So, the conclusion is that if an application needs anything outside its scope, then it has to request the appropriate permission.

Get Github code from HERE. 

Android Runtime Permissions

  • Runtime permissions are a new feature in Android 6.0 Marshmallow that allow you to request permissions at runtime, when it matters rather than at install time.
  • This will give the user to have more control over the permissions and ensure more security for his/her confidential data.
  • In the case we try to call some function that requires a permission which user has not granted yet, the function will suddenly throw an Exception (java.lang.SecurityException) that will lead to the application crashing. Hence we need to implement this new android permissions model in our application.

Permission Types

Permissions are divided into several protection levels. The two most important protection levels are normal and dangerous permissions.

  • Normal Permissions
  • Dangerous Permissions

Normal Permissions:  Permissions that have very little or no effect on user’s privacy or confidential data are categorized as normal permissions. The system itself grants normal permissions when requested instead of prompting to the user. Examples would be ACCESS_WIFI_STATE, WAKE_LOCK, INTERNETetc.

Dangerous Permissions:  Permissions that may have a greater effect on user’s privacy or confidential data are categorized as dangerous permissions. Examples would be  READ_CONTACTS, ACCESS_FINE_LOCATION, CAMERA, etc. If an app requests dangerous permissions then the user has to explicitly grant permission to the app.

Here is the detailed information about permissions.

Permission Workflow before and from M (API 23)
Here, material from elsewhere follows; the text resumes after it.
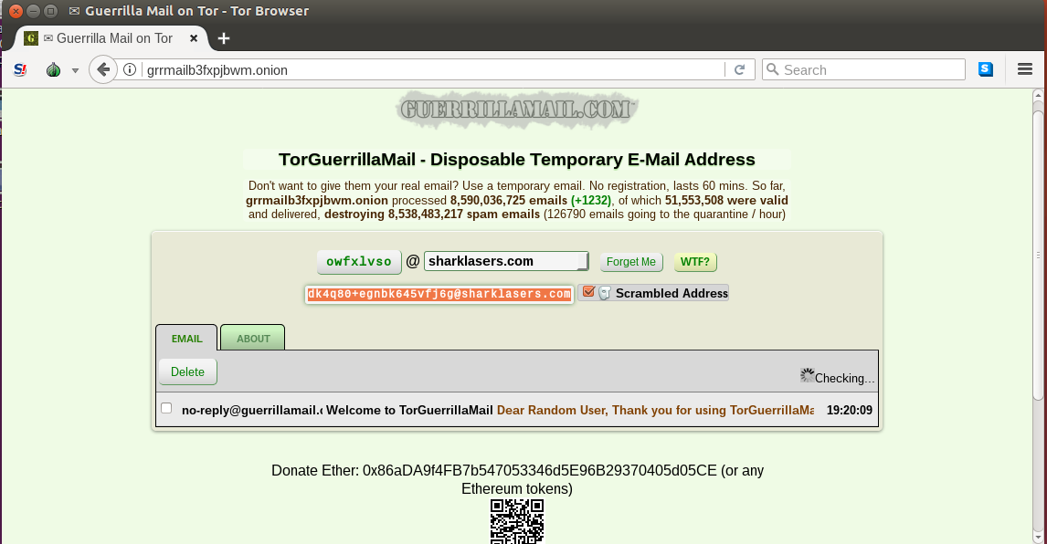 Guerrilla Mail fornece e-mails temporários, sem registro e gera um e-mail anônimo para uso. Todos os e-mails enviados são apagados em 24 horas. Guerrilla Mail não precisa ser necessariamente acessado pela rede Tor.

The permission workflow has been changed from Android Marshmallow(API 23). The way Android asks the user to grant dangerous permissions depends on the version of Android running on the user’s device, and the system version targeted by your app.

 Permission Model before M (API 23): 

  • Before API 23, the permission model was simpler to the developer but offered less control and security to the user.
  • If the device is running Android 5.1.1 (API level 22) or lower, or the app’s targetSdkVersion is 22 or lower while running on any version of Android, the system automatically asks the user to grant all dangerous permissions for your app at install-time.
Screenshot 2019-10-22 19.58.41
Install-time permission dialog
  • If the user clicks Accept, all permissions the app requests are granted. If the user denies the permissions request, the system cancels the installation of the app.
  • Permissions cannot be denied or granted after the installation.
  • Thus developers were required only to declare all needed permissions in the manifest and then just forget, if the app is running then it has all the requested permissions.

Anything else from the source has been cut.